TASK TO COMPLETE :: What follows is a listing to transcribe exactly, leaving the pictures out.

DATA SHOWN ::
* * *
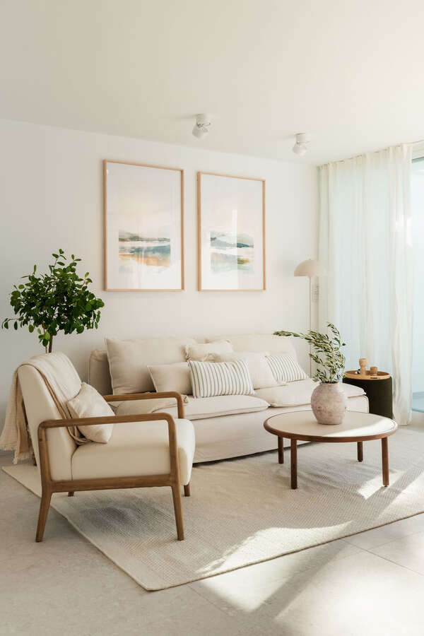 As you step inside, you are greeted by an open, light-filled space where the living room and terrace flow seamlessly together, thanks to bespoke floor-to-ceiling windows from Cortizo. From here, enjoy breathtaking panoramic views of the Mediterranean Sea accompanied by the peaceful sound of birdsong.
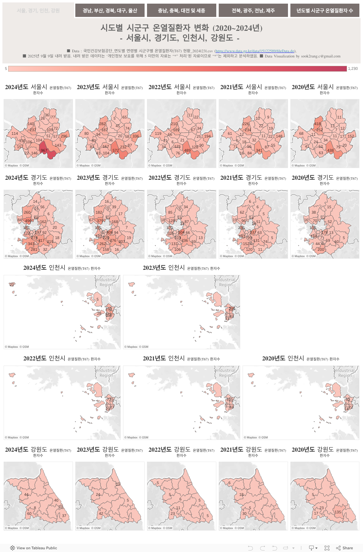 ■ Data sources : ☞ 국민건강보험공단_연도별 연령별 시군구별 온열질환자(T67) 현황_20241231.csv (2025년 9월 9일 내려 받음)
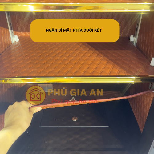 - Khoang chứa 3 ngăn lớn, phù hợp cất giấy tờ, tiền bạc, vật có giá trị . Hộc kéo bọc nhung dành riêng cho trang sức 1 đợt chia ngăn di động . Ngăn hầm bí mật ở đáy két, sử dụng khóa chìa cơ riêng
* * *
WRITTEN RESPONSE ::
 As you step inside, you are greeted by an open, light-filled space where the living room and terrace flow seamlessly together, thanks to bespoke floor-to-ceiling windows from Cortizo. From here, enjoy breathtaking panoramic views of the Mediterranean Sea accompanied by the peaceful sound of birdsong.
 ■ Data sources : ☞ 국민건강보험공단_연도별 연령별 시군구별 온열질환자(T67) 현황_20241231.csv (2025년 9월 9일 내려 받음)
 - Khoang chứa 3 ngăn lớn, phù hợp cất giấy tờ, tiền bạc, vật có giá trị . Hộc kéo bọc nhung dành riêng cho trang sức 1 đợt chia ngăn di động . Ngăn hầm bí mật ở đáy két, sử dụng khóa chìa cơ riêng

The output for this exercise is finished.